パチッと目を開けると、窓から差し込む光がすっかり角度を変えてしまっている。
正確な時刻を確認すると、干している布団たちを取り込もうかという時間をすでに迎えていた。
あのまま寝てたのか。
起きる気力がなかなか起きず、ぼーっと白い無地の天井をしばらく眺める。そのうち、私の寝相のせいでベットの下の方にまで転がったとみられる本に気づいて、そいつを手に取るとそのままゆっくり体を起こした。
テーブルの端の携帯を目視。
画面開こうかな、やめとこうかな、虚ろに考える。
でも速水さん、そういえば忙しいときはつつかないんだっけ。
そしたら来てないのがオチだよね、
私は画面を開くことをやめ、再び転がることにした。
とピカン――緑のランプが点滅している。私はあわてて携帯を開く。
『ちゃんと帰れてるよ…笑
もしかして二日酔いだった?』
ついぞあっさり、そいつは画面に広がった。
『連絡おそ。』
そう、画面越しにでも笑いながら呟く、速水さんの様子が伝わってくるような文章だった。
まぁだけど、あながち2行目にくれている二日酔いの心配もそれが所以なんだろう。
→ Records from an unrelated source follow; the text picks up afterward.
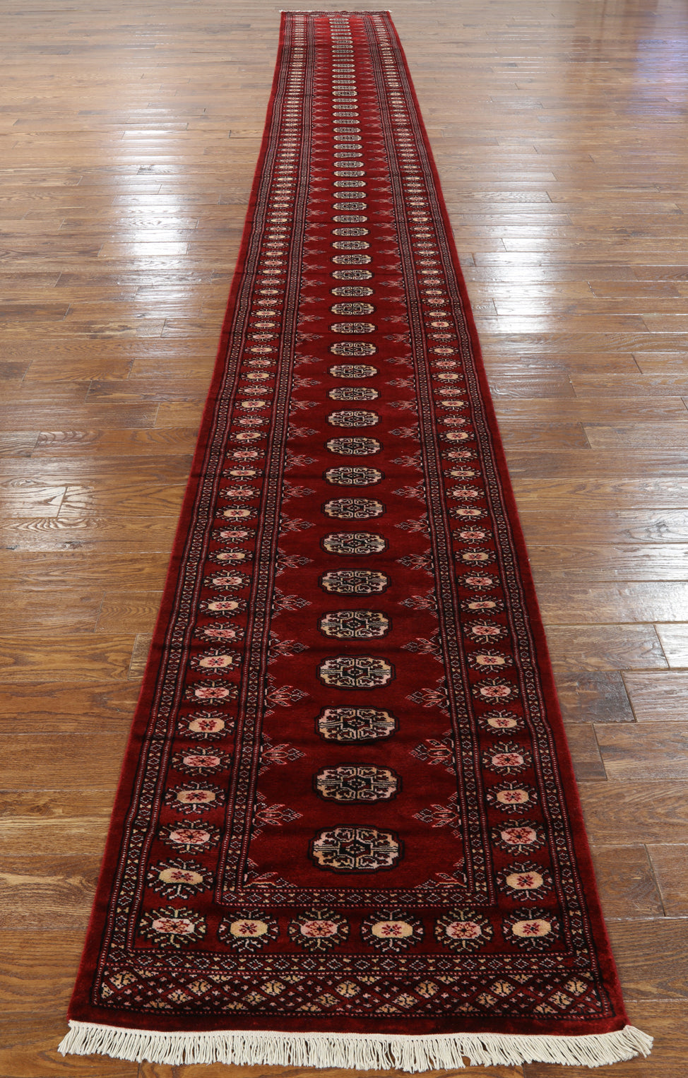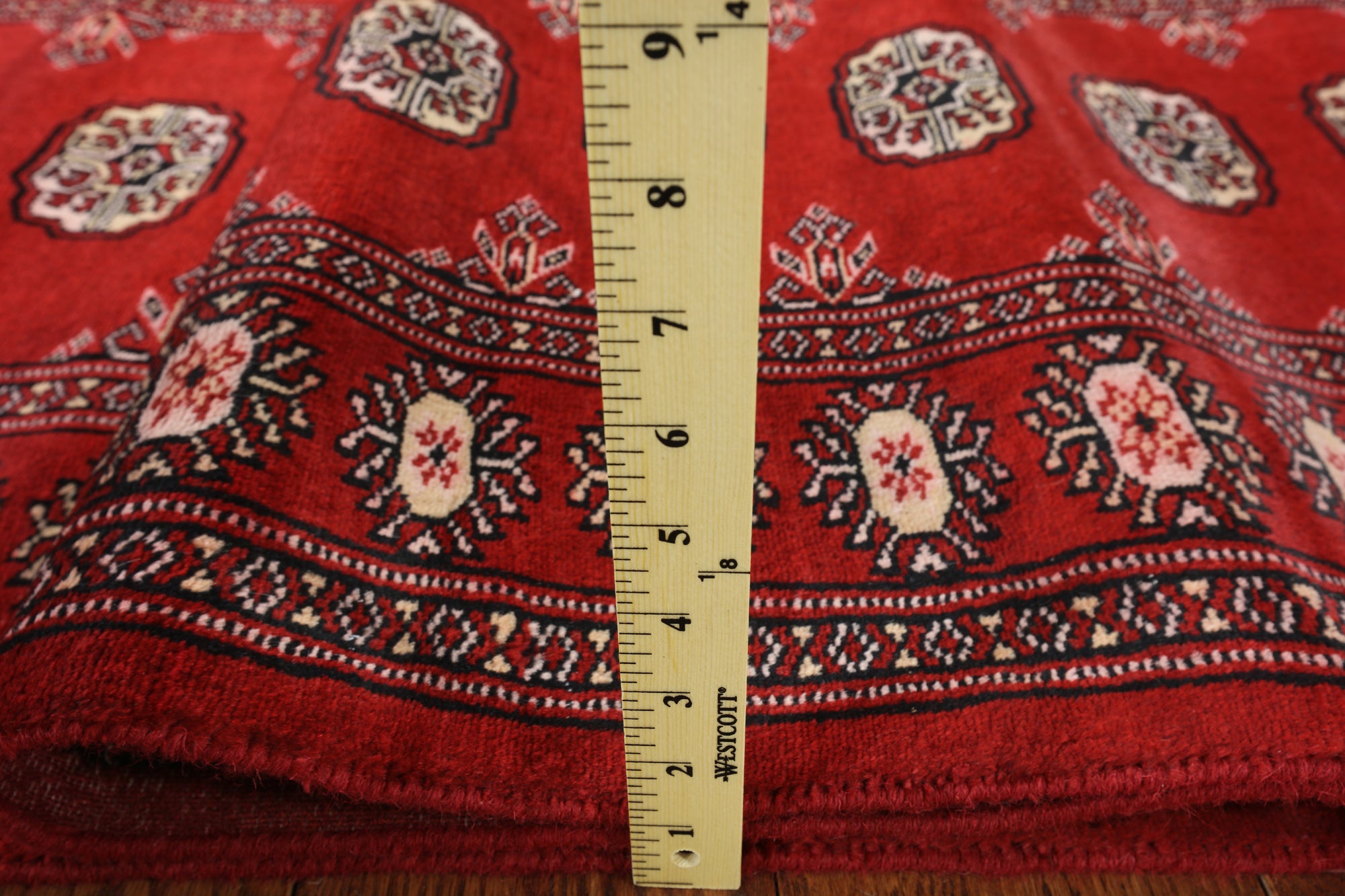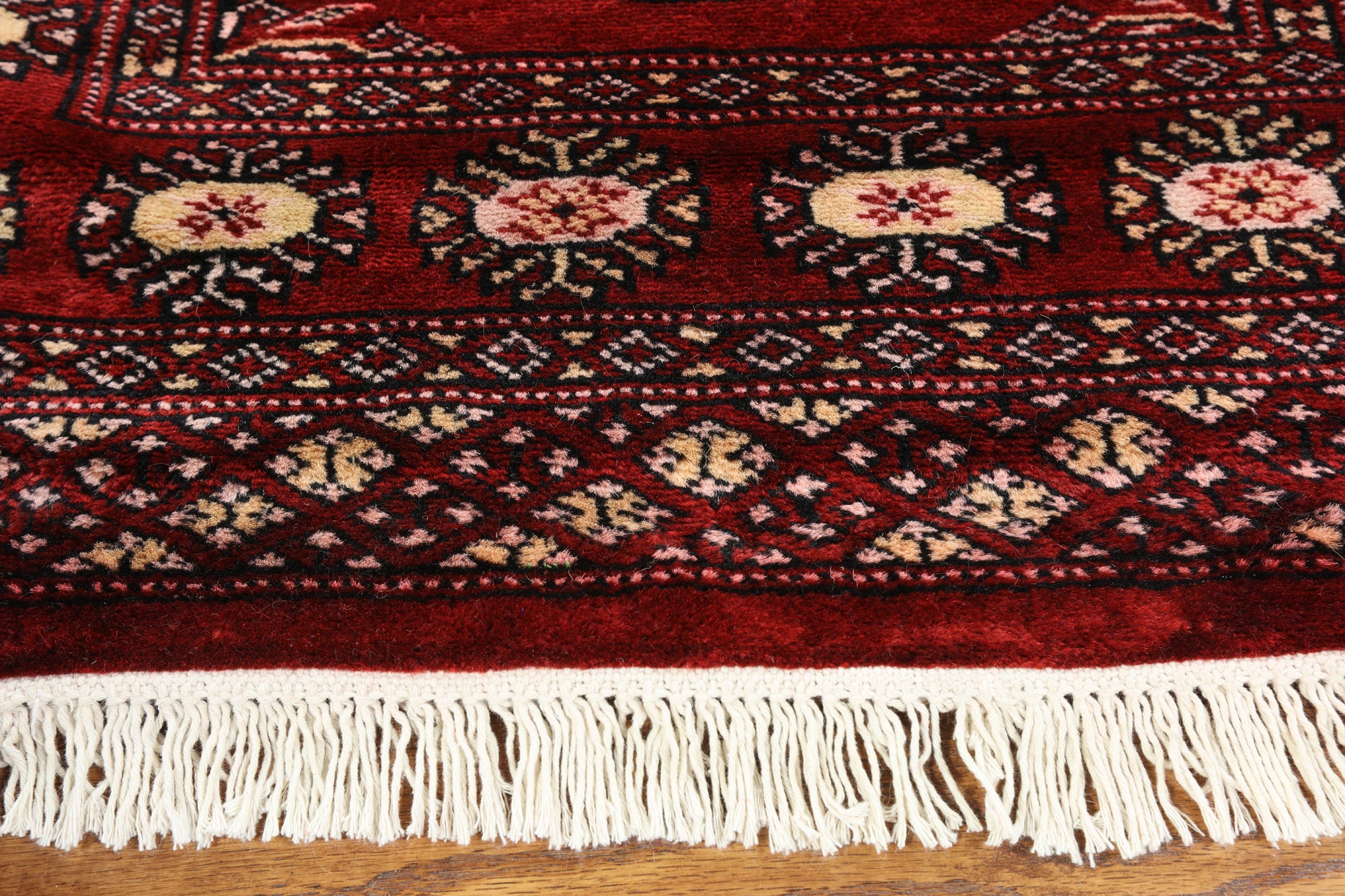 Bokhara Rugs are classic Turkoman designs originally created by nomadic tribes in India. Bokhara Rugs are among the most popular handmade rugs widely produced in Pakistan, India & Afghanistan. There foundation and heavy pile consist of wool, and have a soft luxurious feel. There unique designs consist of repeating geometric designs and vary from one tribe to another. Designs are commonly dark blue/navy, black, brown, or red with ivory accents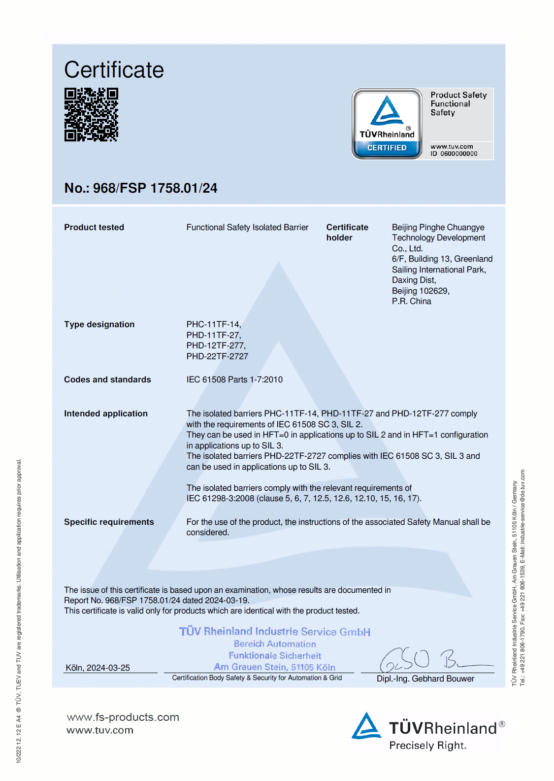 功能安全认证 SIL2,符合IEC 61508 EN 61511标准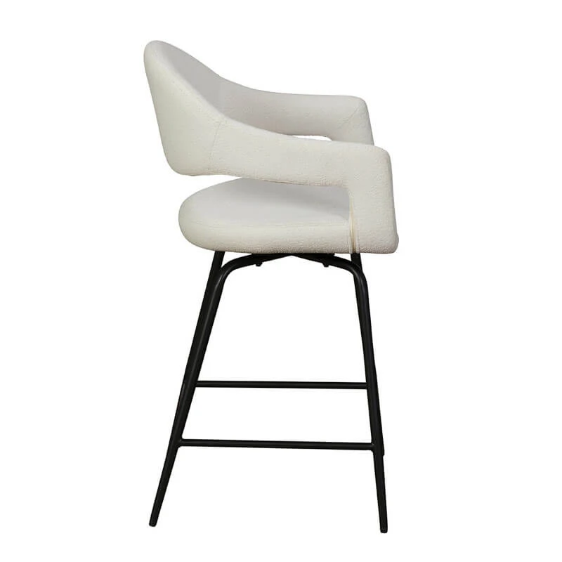 The Copenhagen counter stool complements a wide range of home aesthetics the white boucle fabric adds a soft touch while the matte black legs create a monochromatic contrast.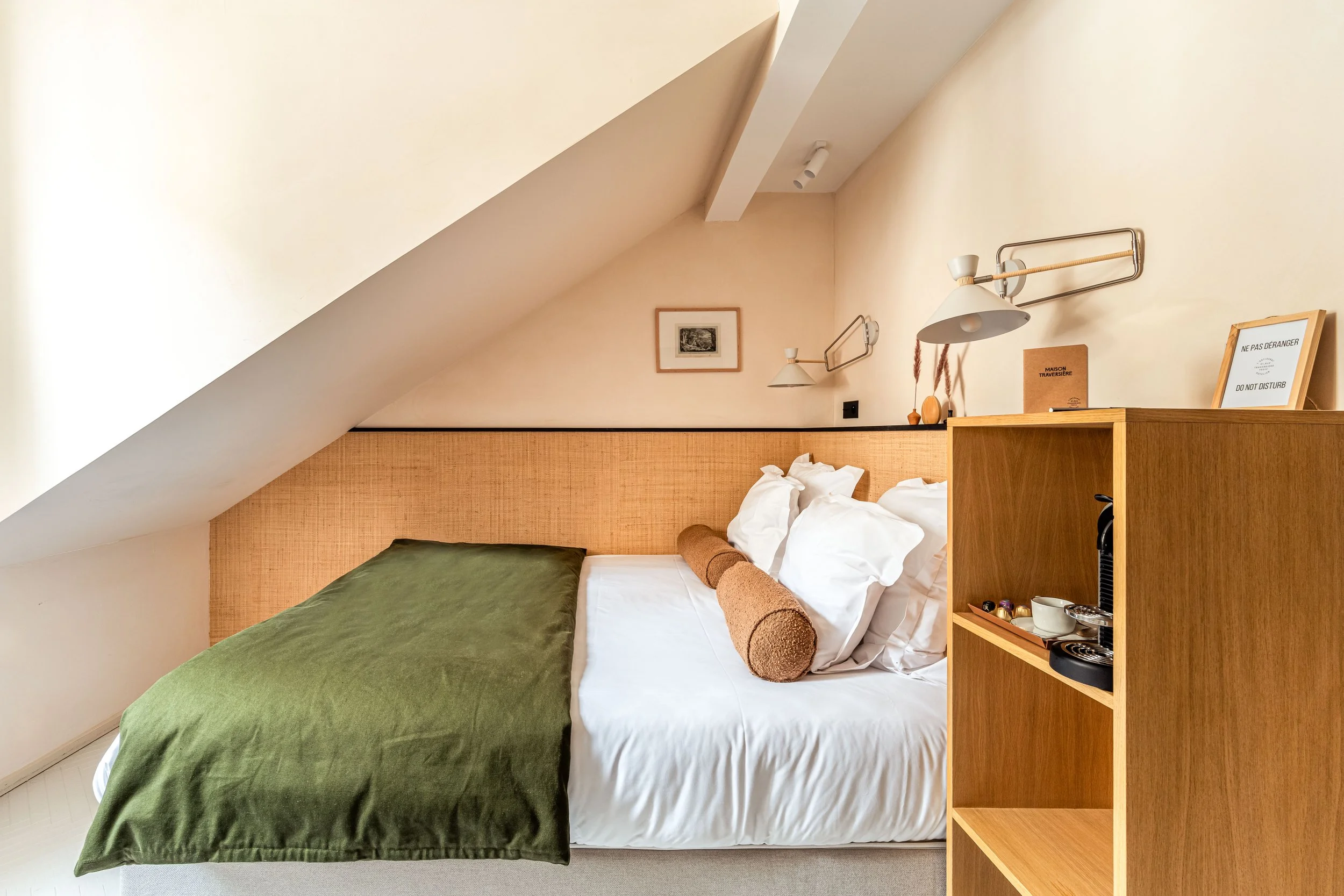 Parfaite pour 1 personne et pouvant accueillir 2 adultes, notre chambre Traversière a été totalement repensée et rénovée dans l'esprit d'un appartement parisien : parquet ancien, tomettes, moulures… pour vous accueillir dans le plus grand confort.

連絡遅くなったのは二日酔いのせいなの?っていう意味の。
私は本をその辺に置くと、そのままごろごろしながら適当に時間をつぶして
『無事で何よりです。そんなことはないですよ!』
って20分ぐらいたって送った。
別に何なら1分ほどで返事することもできるのに、すぐに返さなかったのは連絡を待っていたみたいに思われそうで照れくさいから。
本当は。
うん。ばかみたいに待ってたけど。